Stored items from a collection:
^^^^^^^^^^^^^^^^
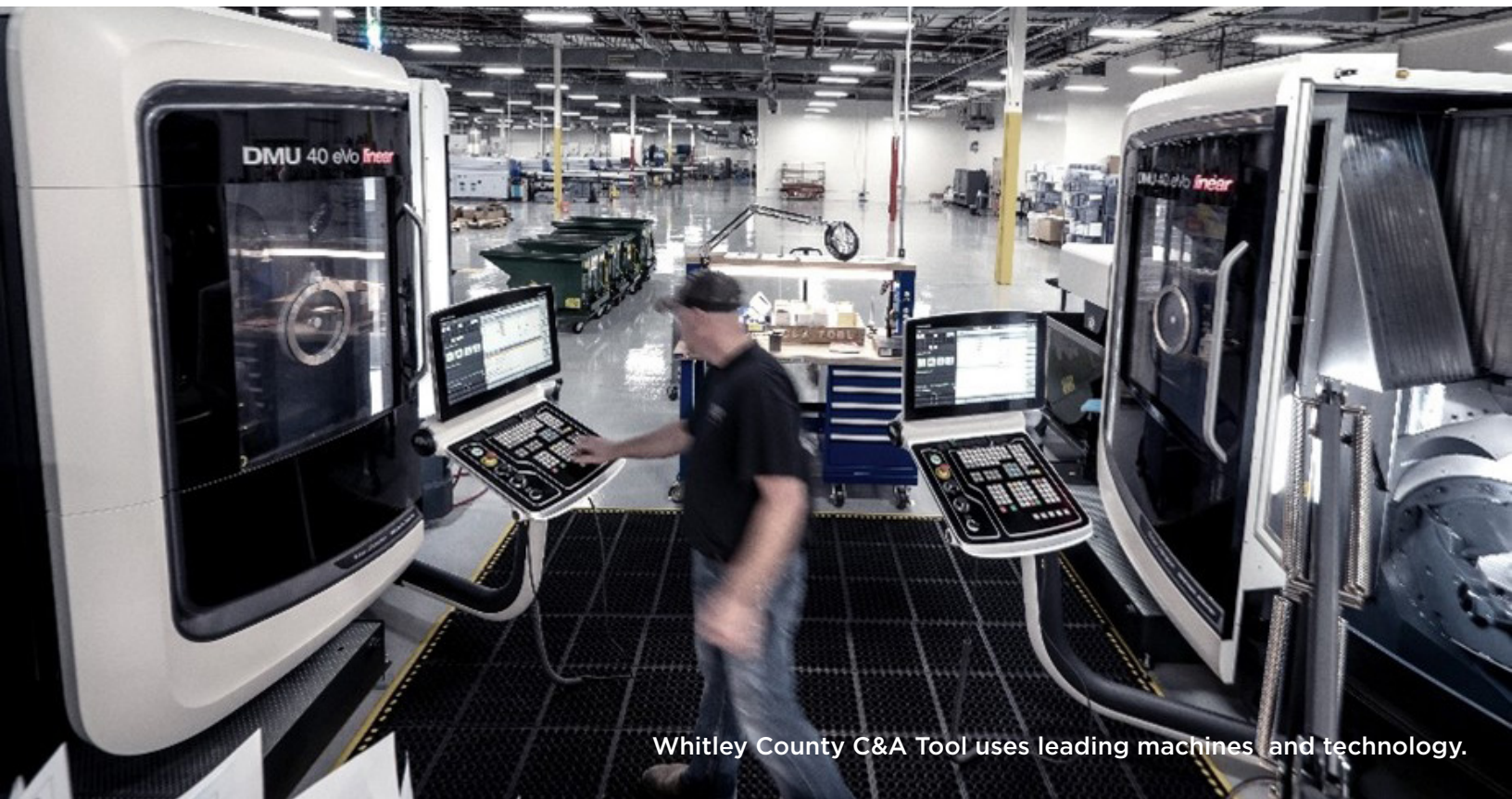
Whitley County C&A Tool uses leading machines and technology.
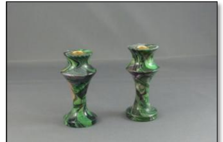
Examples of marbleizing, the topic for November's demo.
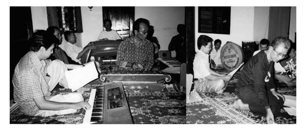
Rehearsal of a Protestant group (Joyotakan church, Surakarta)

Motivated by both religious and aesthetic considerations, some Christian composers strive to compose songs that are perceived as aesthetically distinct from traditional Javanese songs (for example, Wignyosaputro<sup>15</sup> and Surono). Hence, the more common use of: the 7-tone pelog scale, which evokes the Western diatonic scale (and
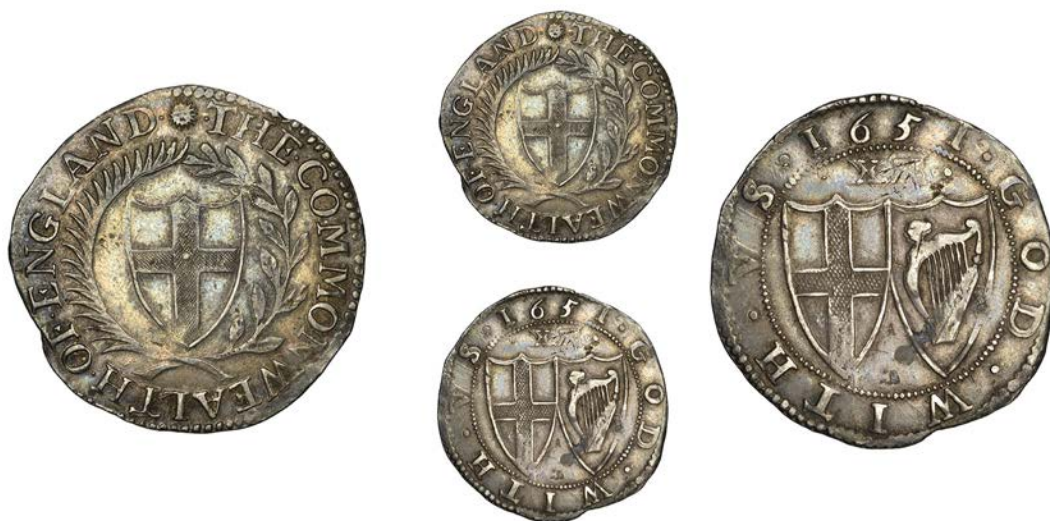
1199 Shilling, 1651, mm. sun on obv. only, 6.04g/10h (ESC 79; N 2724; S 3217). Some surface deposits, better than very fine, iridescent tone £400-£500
^^^^^^^^^^^^^^^^
PROBLEM TO SOLVE: Give the records back verbatim, pictures excluded.

ANSWER AREA:
Whitley County C&A Tool uses leading machines and technology.
Examples of marbleizing, the topic for November's demo.
Rehearsal of a Protestant group (Joyotakan church, Surakarta)

Motivated by both religious and aesthetic considerations, some Christian composers strive to compose songs that are perceived as aesthetically distinct from traditional Javanese songs (for example, Wignyosaputro<sup>15</sup> and Surono). Hence, the more common use of: the 7-tone pelog scale, which evokes the Western diatonic scale (and
1199 Shilling, 1651, mm. sun on obv. only, 6.04g/10h (ESC 79; N 2724; S 3217). Some surface deposits, better than very fine, iridescent tone £400-£500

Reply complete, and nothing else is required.